US 12,111,819 B1
Sampling space-saving set sketches
Homin K. Lee, Brooklyn, NY (US); and Charles-Philippe Masson, Paris (FR)
Assigned to DataDog Inc., New York City, NY (US)
Filed by DataDog Inc., New York City, NY (US)
Filed on Aug. 30, 2023, as Appl. No. 18/239,810.
Int. Cl. G06F 16/00 (2019.01); G06F 16/23 (2019.01); G06F 16/535 (2019.01); G06F 16/58 (2019.01)

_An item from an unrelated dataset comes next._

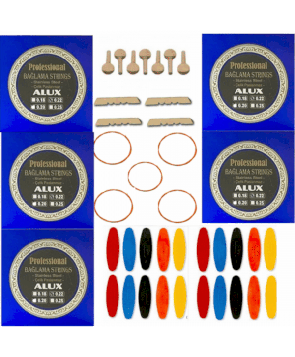Şenses Alux 022 Divan Bağlama Takım Teli 5 Takım + 5 Bambam + 7 Ağaç Burgu + 20 Adet Tezene + 3 Eşik

CPC G06F 16/2365 (2019.01) [G06F 16/535 (2019.01); G06F 16/5866 (2019.01)] 23 Claims
OG exemplary drawing
 
16. A computing system, comprising:
memory configured to store a set of monotonic distinct count sketches associated with a plurality of distributed data sets, the plurality of distributed data sets having corresponding labels and corresponding pluralities of distinct items; and
one or more processors operatively coupled to the memory, the one or more processors being configured to:
initialize the set of sketches, each sketch in the set being associated with an accuracy parameter, the accuracy parameter indicating an approximation accuracy for that sketch; and
perform, for each of the plurality of distributed data sets, a query to determine whether a given label associated with that distributed data set is in a corresponding sketch of the set of sketches, wherein:
when the given label is in the corresponding sketch, then insert the distinct item associated with the given label into the corresponding sketch; and
when the given label is not in the corresponding sketch, then:
when a number of labels in the corresponding sketch is less than a specified size, add the given label along with a new sketch, and insert the distinct item associated with the given label into the new sketch; and
when the number of labels in the corresponding sketch is greater than or equal to the specified size, add the given label and assign it to a selected one of the set of sketches associated with a minimum label size, and insert the distinct item associated with the given label into the selected sketch.